Critical aortic stenosis (AS) in neonates necessitates urgent intervention for patient survival. The optimal treatment, however, continues to be controversial and has still high morbidity and mortality. This study examined our late outcome after treatment of critical AS in neonates.
Fifty-two neonates (34 boys and 18 girls) underwent closed transventricular aortic valvotomy for critical AS between 1985 and 2000. The mean age at the first intervention was 9.0 ± 10.2 days (ranges from 1 to 30 days). 17 patients (Group I) had isolated critical AS and normal or dilated left ventricles.
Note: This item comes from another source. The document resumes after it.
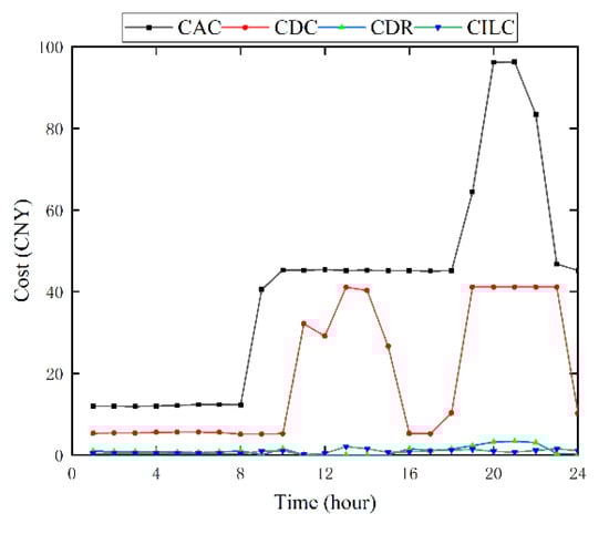 The AC sub-microgrid and the DC sub-microgrid exchange power through a bidirectional power converter. The figure shows the interactive power between the sub-microgrids, setting the input sub-microgrid as positive. Combining the two diagrams, it can be concluded that during the period from 1:00 to 7:00, the PV power is 0, the AC sub-microgrid delivers power to the DC sub-microgrid, and the DC sub-microgrid uses the resulting power to balance the load and charge the battery. During the period from 12:00 to 15:00, the PV output is larger, while the AC sub-microgrid experiences a peak load, and the DC sub-microgrid delivers power to the AC sub-microgrid to satisfy the power balance. During the hours of 19:00~23:00, the AC and DC loads come to the peak hours of the day, the battery starts to discharge under the premise of meeting the requirements of the charge state, and the DC sub-microgrid transmits power to the AC sub-microgrid due to the overload of the AC sub-microgrid. The time curve of each cost in the lower layer objective function is shown in Figure 11.

The Group II comprises 35 neonates (67%) who had associated cardiovascular anomalies (i.e. aortic annular hypoplasia, hypoplasia of the left ventricle (LV), mitral valve anomalities, endocardial fibroelastosis, and/or ductus dependant).
The hospital mortality was 17.3% (9/52). All nonsurvival patients were in group 2. 15-year survival was 100% in group 1 and 71.4% in group 2. At last follow-up (mean 7.8 ± 3.1 years), 36 of the survivors were in functional class I and 6 were in class II. Multi logistic regression showed that of the eight factors deemed significant on univariate analysis, only three risk factors remained significant on multivariate analysis; (1) presence of hypoplastic of LV (p=0.001), (2) low LV ejection fraction (EF; p=0.002), and (3) low LV end-diastolic volume (p=0.001). 15-year freedom from any reoperation in group 1 was 53.6% and 68% in group 2. In the Cox univariate analysis the best preoperative predictors of late reoperation were aortic valve annulus of less than 5.0 mm (p=0.004), and low LVEF (p=0.02).CONCLUSIONS: We conclude critical AS in neonates continues to carry a significant mortality. Surgical and balloon valvotomy are both palliative procedures and reinterventions are usually required within 10 years of initial treatment.
M. Ruzmetov, None.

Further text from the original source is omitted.